Old Girlfriends and Love at the Senior Center

At the senior center where Frank and I live, it’s customary to join strangers at meals, and that’s what we did today at lunch, pairing up with a couple quite a bit older than we are. Sissie, the wife, had big black eyes that danced as she talked. Bud, her husband, sat ramrod straight. He wore wire-rimmed glasses, parted his hair down one side.

Sissie could hardly wait for introductions to get out of the way. “We’re celebrating our wedding anniversary today,” she said, too excited to sit still in her chair. “Guess which one.”

“Sixty-five,” I said, taking a not-so-wild stab.

“Sixty---”

“Seven.” Bud finished the number. He grinned at her. “We’re shooting for seventy.”

“Be careful of shooting,” I said in a lame effort at humor.

Bubbling over with joy and a new audience, Sissie told us how two Georgia natives met at LSU just after World War II. She was climbing aboard a truck for a Tri-Delt hayride when Bud spotted her from across the street. He had been a student on a golf scholarship before the war, had fought with the Navy, returned to school and resumed the scholarship. He asked a friend her name, and one thing led to another. Except that in the telling, Sissie mentioned one of his girlfriends who now lived in the senior center. “I’ll tell you about her in a minute,” she said.

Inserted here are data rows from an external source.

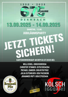 Am Samstag, 13.09.2025, lädt Dermbach zur großen Jubiläumsparty in der Mehrzweckhalle ein – mit Live-Musik von Kölsch Gedäh und DJ Nico!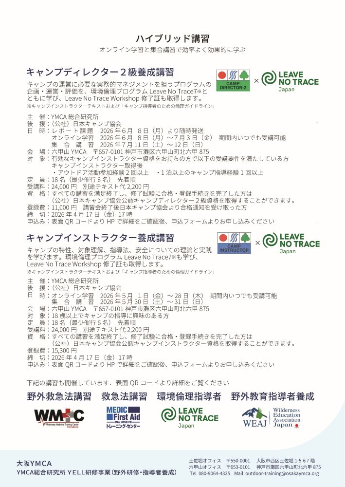 キャンプインストラクター養成講習会情報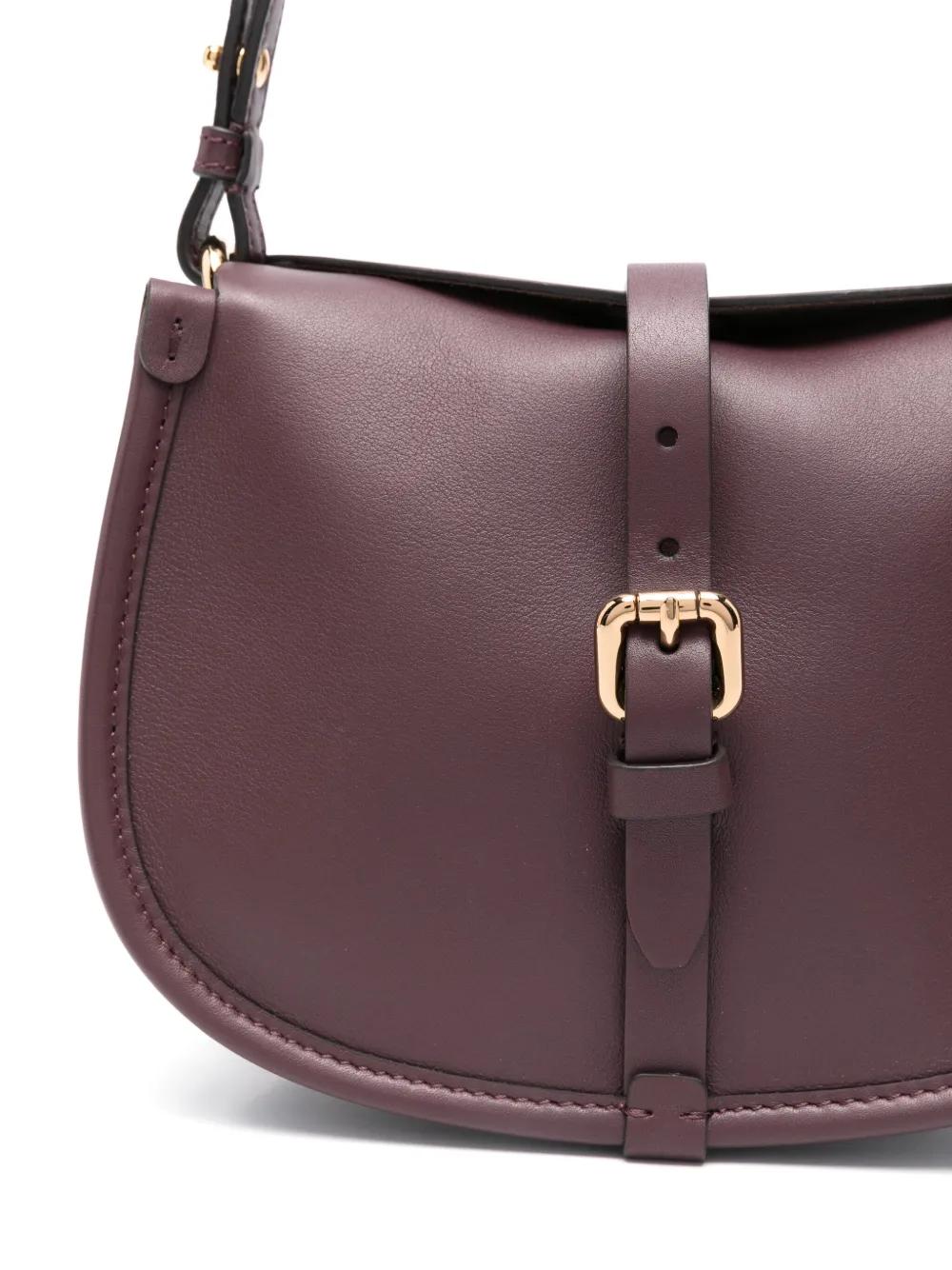 purple half-moon shape buckle fastening adjustable shoulder strap calf leather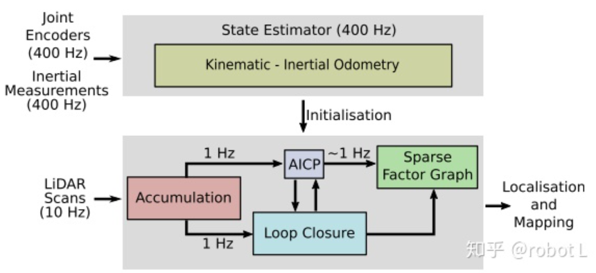 我们的目标是提供ANYmal长时间的无漂定位和准确的周围地图。图2和图3给出了系统的不同成分分别从硬件和软件的角度。
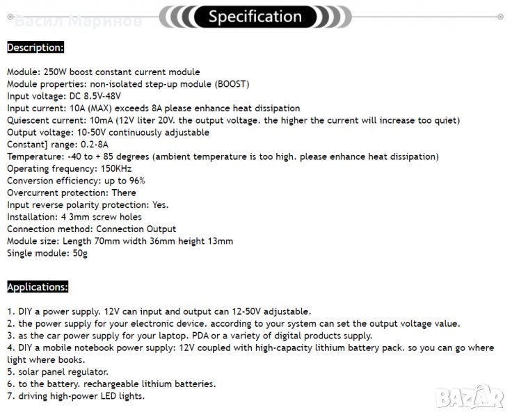 Продавам Dc-Dc повишаващ преобразувател Boost Step-Up 250W 8A, снимка 1 - Друга електроника - 34169230 Продавам Dc-Dc повишаващ преобразувател Boost Step-Up 250W 8A, снимка 2 - Друга електроника - 34169230 Продавам Dc-Dc повишаващ преобразувател Boost Step-Up 250W 8A, снимка 3 - Друга електроника - 34169230 Продавам Dc-Dc повишаващ преобразувател Boost Step-Up 250W 8A, снимка 4 - Друга електроника - 34169230 1/4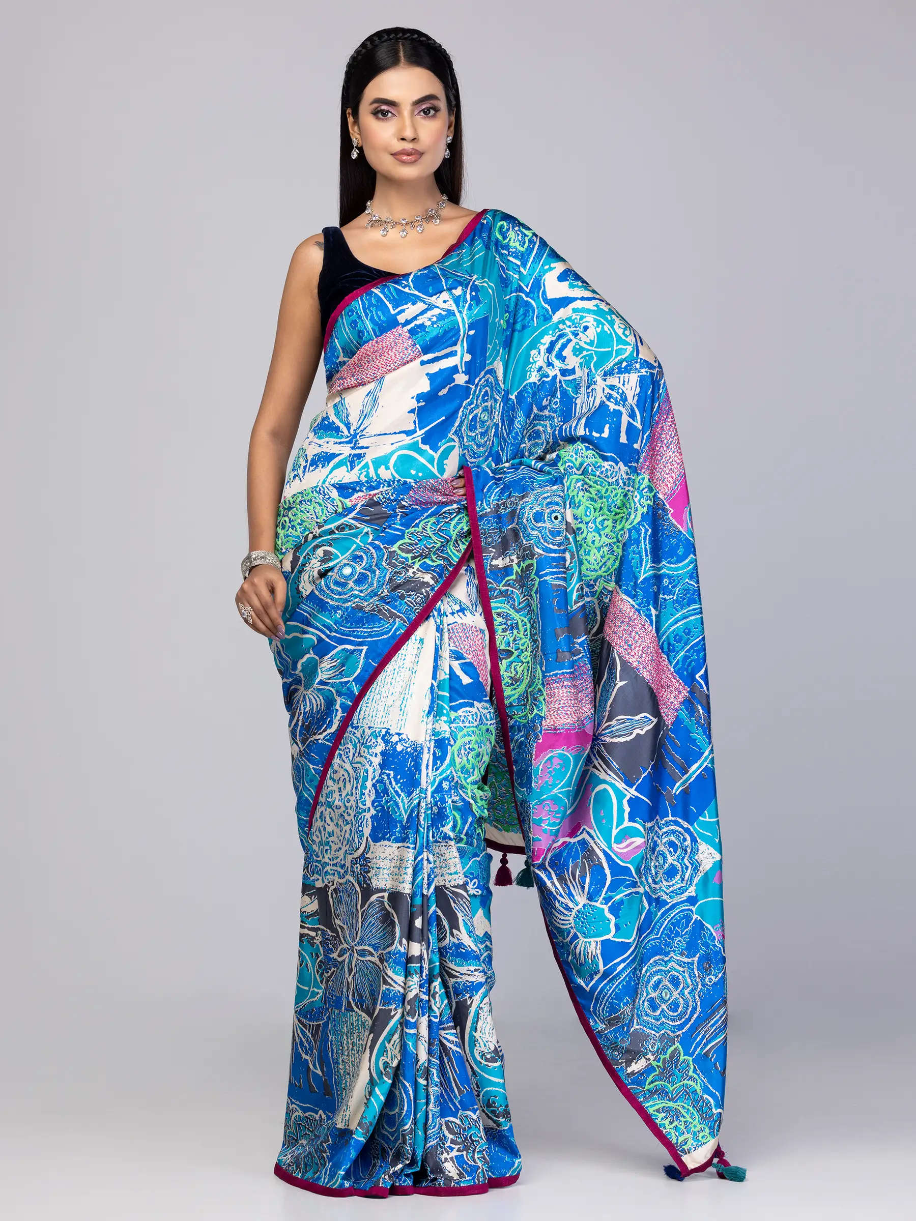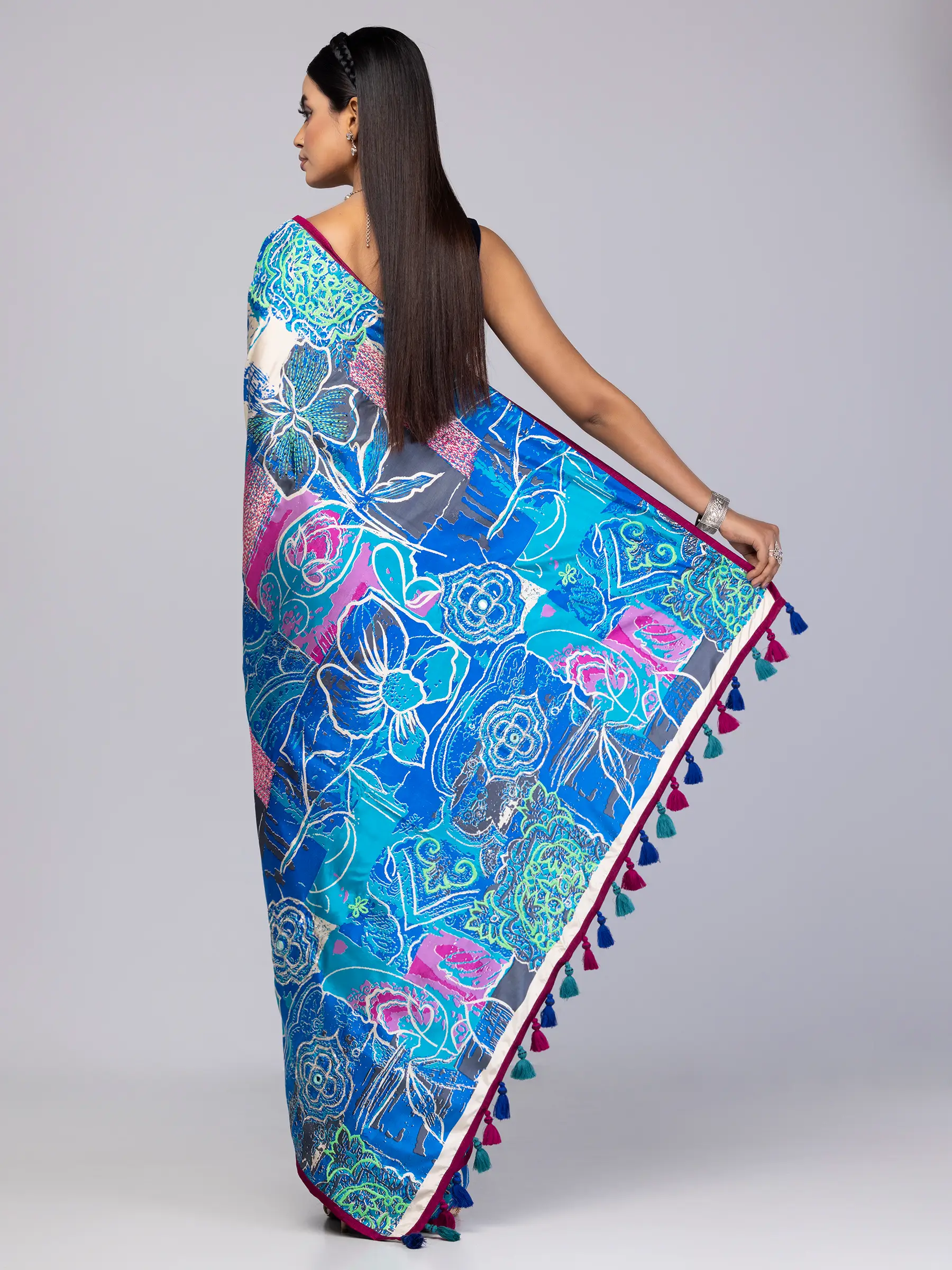 Beige/blue printed silk saree with dark pink, blue and green embroidery. Comes with matching unstitched blouse piece attached at the end of saree. Blouse shown in the photo is a styling suggestion, it is not a part of the actual product.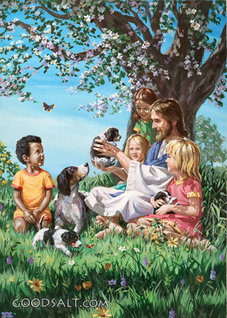 Jesus Wih Children Matthew 19:14 Mark 10:14 Luke 18:16 playing, Jesus, grass, animal, girl, child, boy, kid, tree, puppies, dog, puppy, art, children, love, images, john steel, Pictures, pics PROJECTION - License for PowerPoint™ PRINT – buy a print of this picture; optional frame Bible Hub |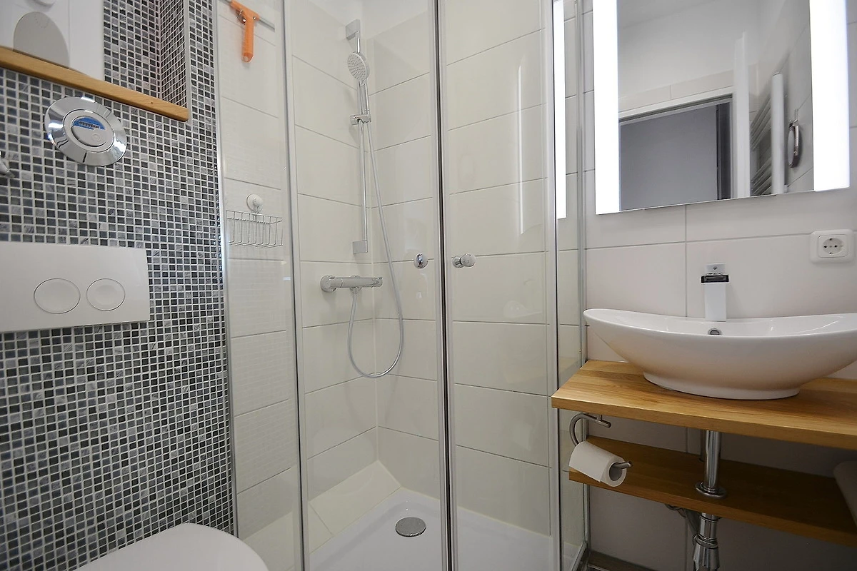 Modernes, freundliches Bad mit Dusche, WC und Waschbecken.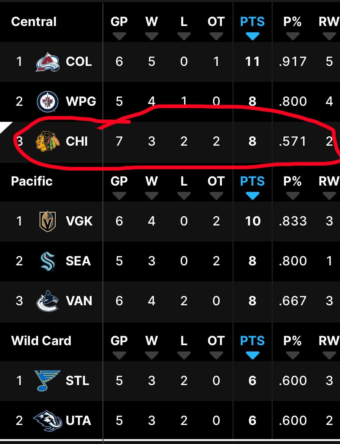 1. Let it be known that, for at least 5 minutes, the Blackhawks held a divisional playoff spot this season (we have since dropped back to the WC after Utah won).

The minute stretch on as we heard one vignette after the other, all cute stories, about their early romance and first married years. When Sissie finally wound down, I asked about the girl friend who now lived nearby.

“What?” Sissie said.

“Bud’s girlfriend, the one you said lived here,” I continued. Bud and Frank nodded yes to her.

“What?” She turned on Bud. “You have a girlfriend here?”

Her eyes were wide, her smile gone. She glared at Bud.

“No, no,” I said, rushing to Bud’s rescue, “the girlfriend you told us about, the one you said you’d tell about.” Frank and Bud tried to remind her also, the three of us talking at once.

Bud picked up the remininsces, easing the topic away from old girlfriends and in a minute Sissie was laughing and telling tales again. That’s when I noticed how she relied on him and how ever so subtly he cued her along. Her smile back in place, she left for her hair appointment. “I’m getting ready for our big celebration tonight,” she said.

I exhaled. My probing wasn’t going to break them up after sixty-seven years.